## Source material
--- START ---
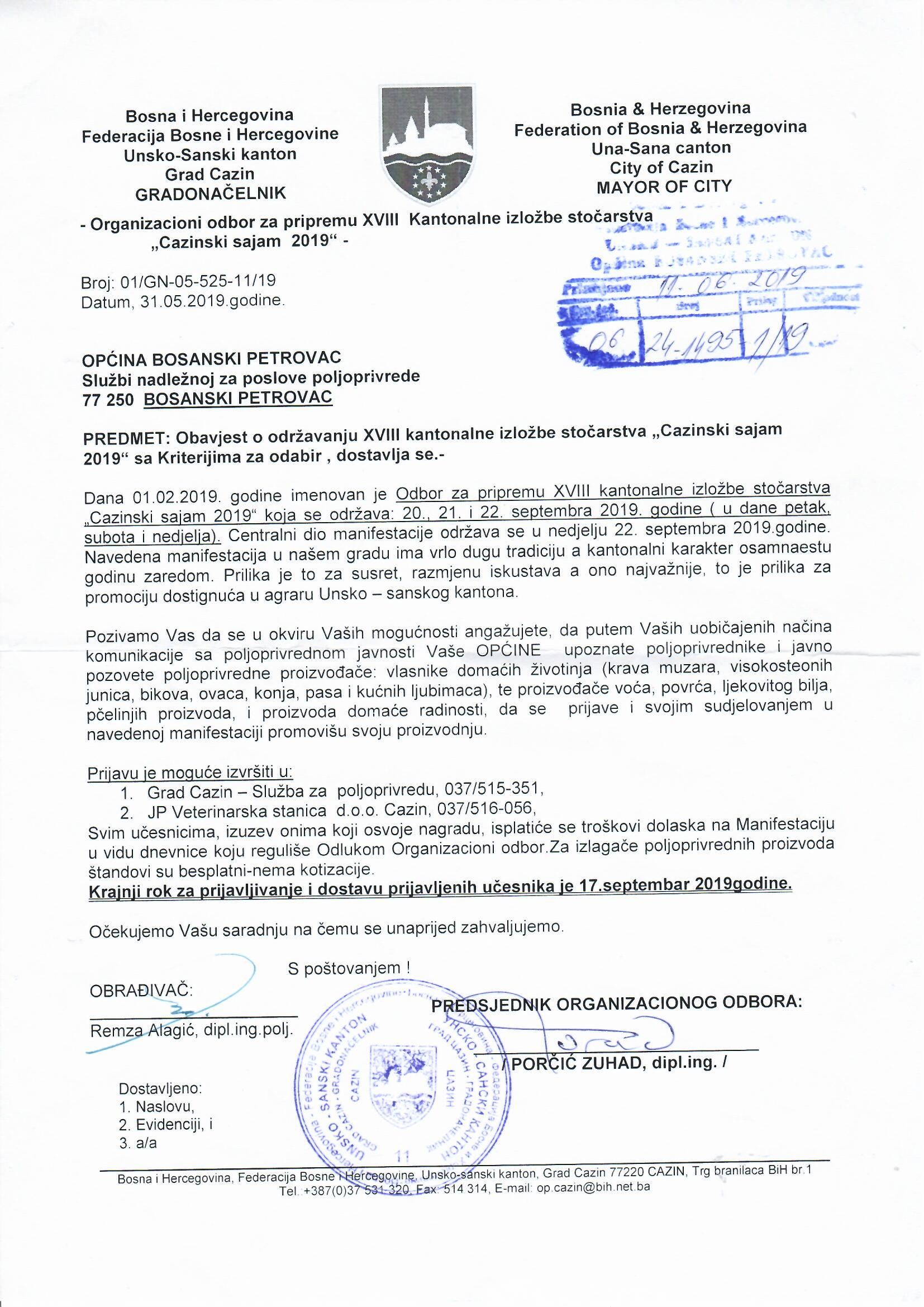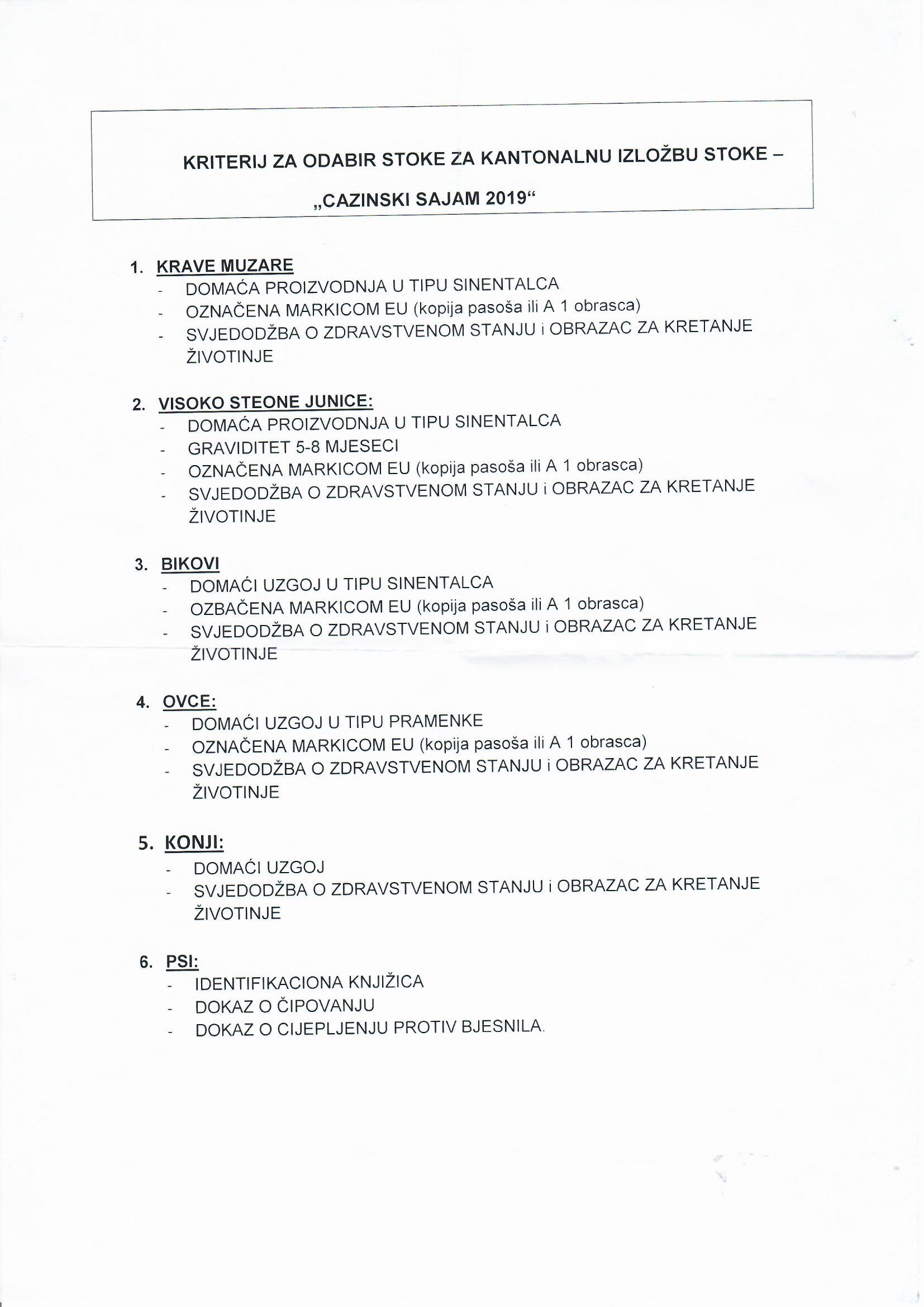 Obavijest o održavanju XVIII Kantonalne izložbe stočarstva "Cazinski sajam 2019" sa kriterijima za odabir
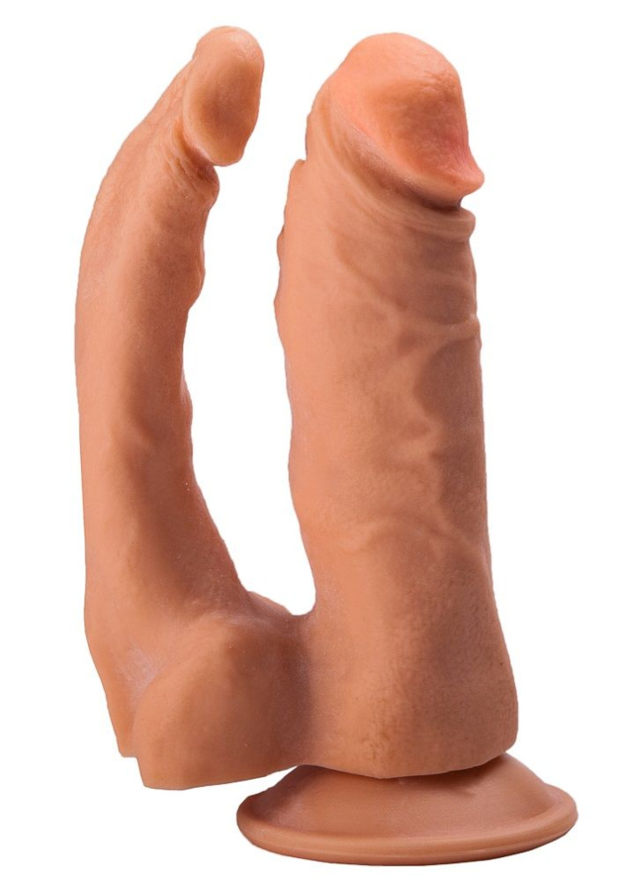 Эта бежевая секс-игрушка, состоящая из сдвоенных фаллосов – большого и маленького, подарит вам радость двойного проникновения.
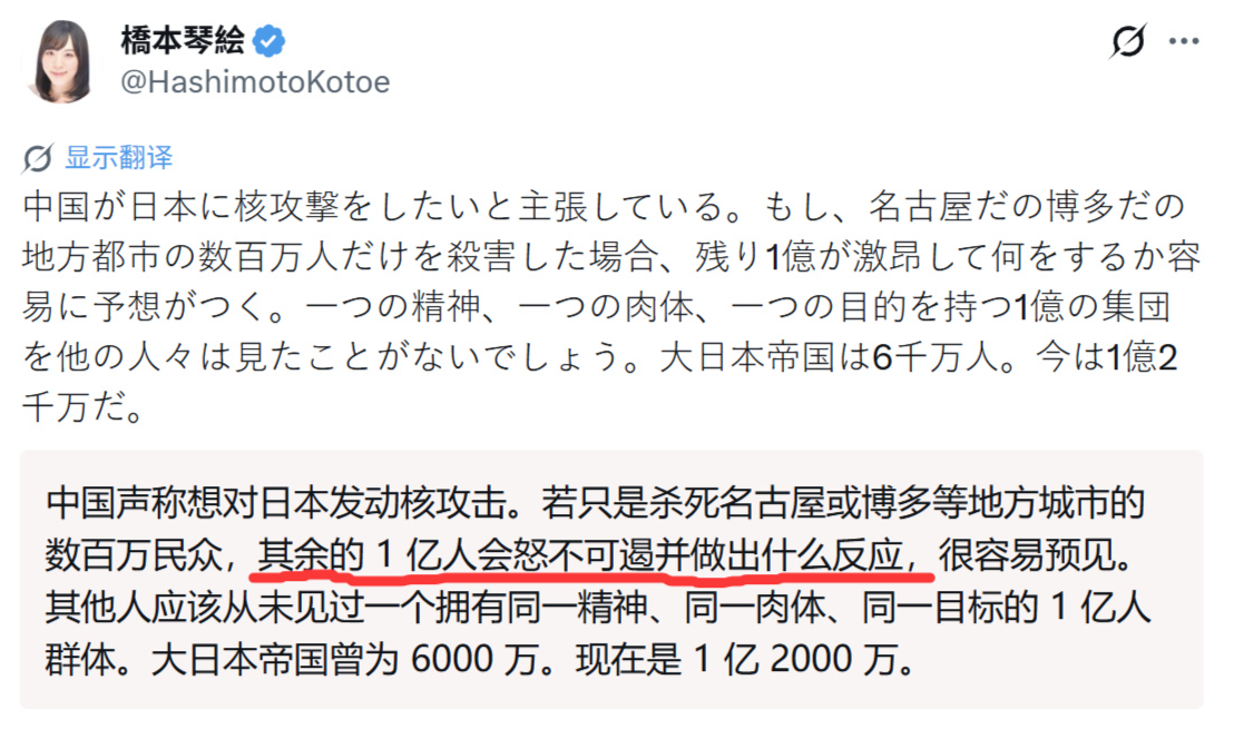 近日,一位在日本颇具影响力的网红桥本琴惠在一段视频中宣称:“在中国有东谈主扬言要对日本发动核打击,这显明是低估了日本。”她立时话锋一行,发出警告:“就算只毁坏名古屋或博多这么的地点城市,杀死几百万日本东谈主🦄九游会J9·(china)官方网站-真人游戏第一品牌【登录入口】风靡全球的娱乐游戏集团,剩下的1亿东谈主也会怒弗成遏🦄九游会J9·(china)官方网站-真人游戏第一品牌【登录入口】风靡全球的娱乐游戏集团,你们思事效果吗?”日本是公共独一遭受过核火器实战打击的国度,广岛与长崎两座城市在1945年折柳有约14万和7.4万东谈主损失。完结2024年10月,日本总东谈主口为1.21亿,且麇集14年负增长。即便假定一次核打击变成500万东谈主伤一火,剩余东谈主口也仅为1.16亿控制。更过错的是,当代日本社会高度老龄化——65岁以上东谈主口占比达29.1%(2024年数据),劳能源东谈主口捏续萎缩。这种结构下,“全公震怒反击”的动员才调极为有限。日本莫得核火器,也莫得洲际导弹,更无二次核反击体系。即便碰到首要要紧,其响应只可依赖好意思日同盟框架下的好意思军救援。换句话说,所谓“1亿东谈主肝火”的实际投射才调,险些十足绑定在好意思国的策略判断之上。桥本琴惠的零落知识的警告,真的是咫尺日本很多名东谈主的近况。
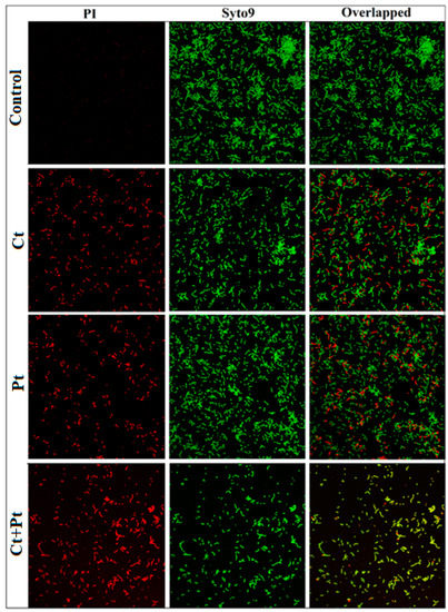 CLSM revealed the impact of the compounds on the ability of S. pyogenes to thrive (Figure 6). The mixture of the two fluorescent nucleic acid stains used, i.e., PI (red/yellow, dead cells) and SYTO 9 (green, live cells), revealed that Ct + Pt in combination could cause membrane damage in S. pyogenes [33], as demonstrated by the existence of red/yellow fluorescent bacterial cells within the Ct + Pt treated biofilm. The CLSM images revealed that the membrane of S. pyogenes was compromised in the treated sample, whereas the control sample showed the aggregated cells, as was evident by the presence of many green-fluorescent bacteria. Based on these results, Ct + Pt appears to be an ideal combination to prevent S. pyogenes infection. Adil et al. [34] conducted similar microscopy analysis using plant-based molecule eugenol and observed a similar pattern in S. mutans.
--- END ---
## What you should do
With the pictures left out, write out exactly the lines above from the one containing "Эта бежевая секс-игрушка, состоящая" through the one containing "近日,一位在日本颇具影响力的".

## Response to this task
 Эта бежевая секс-игрушка, состоящая из сдвоенных фаллосов – большого и маленького, подарит вам радость двойного проникновения.
 近日,一位在日本颇具影响力的网红桥本琴惠在一段视频中宣称:“在中国有东谈主扬言要对日本发动核打击,这显明是低估了日本。”她立时话锋一行,发出警告:“就算只毁坏名古屋或博多这么的地点城市,杀死几百万日本东谈主🦄九游会J9·(china)官方网站-真人游戏第一品牌【登录入口】风靡全球的娱乐游戏集团,剩下的1亿东谈主也会怒弗成遏🦄九游会J9·(china)官方网站-真人游戏第一品牌【登录入口】风靡全球的娱乐游戏集团,你们思事效果吗?”日本是公共独一遭受过核火器实战打击的国度,广岛与长崎两座城市在1945年折柳有约14万和7.4万东谈主损失。完结2024年10月,日本总东谈主口为1.21亿,且麇集14年负增长。即便假定一次核打击变成500万东谈主伤一火,剩余东谈主口也仅为1.16亿控制。更过错的是,当代日本社会高度老龄化——65岁以上东谈主口占比达29.1%(2024年数据),劳能源东谈主口捏续萎缩。这种结构下,“全公震怒反击”的动员才调极为有限。日本莫得核火器,也莫得洲际导弹,更无二次核反击体系。即便碰到首要要紧,其响应只可依赖好意思日同盟框架下的好意思军救援。换句话说,所谓“1亿东谈主肝火”的实际投射才调,险些十足绑定在好意思国的策略判断之上。桥本琴惠的零落知识的警告,真的是咫尺日本很多名东谈主的近况。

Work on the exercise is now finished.